Do you set the clipping levels empirically ?

Regards

Charles

[Bruno Putzeys]

Second post because I haven't found out yet how to attach more than one file to one post.

2) UcD. Attached is the circuit and phase plot of the version known from the patent. I've purposefully left the output open, so you get the situation you were "worrying" (I doubt that) about.
As you can see, the phase lead network simply keeps the phase response above the 180º line. There is only one 180º crossover, which is exactly where I wanted it to be.

[Bruno Putzeys]

Quote:

Originally posted by phase_accurate
Do you set the clipping levels empirically ?

Unfortunately, yes. At least in time quantised systems. As far as the actual signals are concerned, time-quantised deltasigma is a chaotic system elusive to modelling other than full-blown time simulation (or a practical execution).

When you're not working with time-quantised systems, you can indeed derive signal levels mathematically and set the clip levels thus.

[digitoxin]

Thanks for the extensive answers!

[Kenshin]

Does the "idle tones" noise comes from "periodic windows" in chaos?

Quote:

Originally posted by Bruno Putzeys

Unfortunately, yes. At least in time quantised systems. As far as the actual signals are concerned, time-quantised deltasigma is a chaotic system elusive to modelling other than full-blown time simulation (or a practical execution).

When you're not working with time-quantised systems, you can indeed derive signal levels mathematically and set the clip levels thus.

[Kenshin]

Quote:

Originally posted by Bruno Putzeys
I'm doing this as a matter of fact in discrete A/D circuits, where I usually employ 6th or 7th order modulators.

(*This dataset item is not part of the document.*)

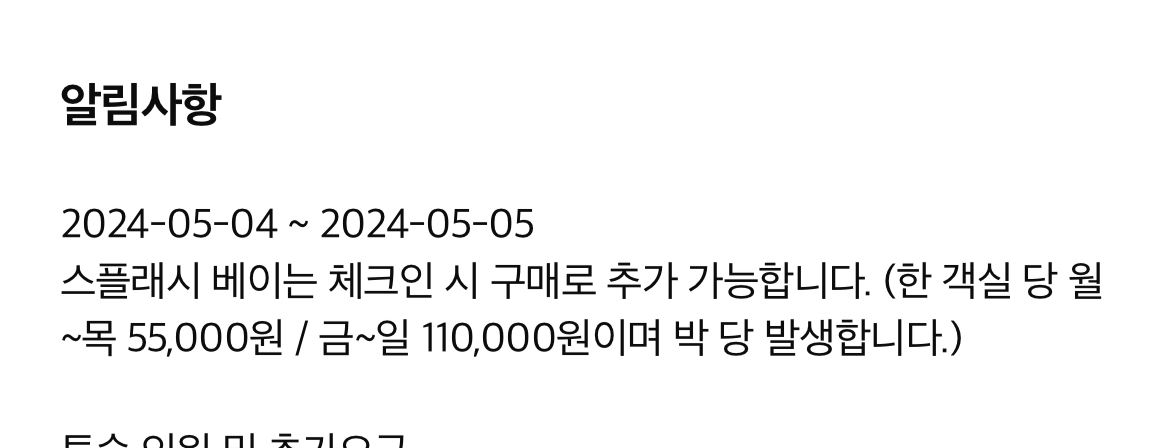 요금결제는 숙박 결제 시 패키지로 구매 혹은 체크인 시 추가로 구매가 가능합니다. 구매요금은 객실 당 비용을 정산하여 계산합니다.

How many components would that need?

[Bruno Putzeys]

Quote:

Originally posted by Kenshin
Does the "idle tones" noise comes from "periodic windows" in chaos?

According to some analyses (see James Angus, The Effect of Noise Transfer Function Shape on Idle Tones in Sigma-Delta Modulators, AES ppt 6450), yes.
What you find in practice when you make a plot of the 1st integrator output, you get a noisy "sawtooth" of which the frequency is dependent of the DC input (and equal to |fs*M|). What James found was that different choices of NTF (complex zeros or not) had a greater effect on the presence of these tones in the audio band than the mere difference in loop gain alone. I can't get my head around it yet, empirically, but there's no getting round his results.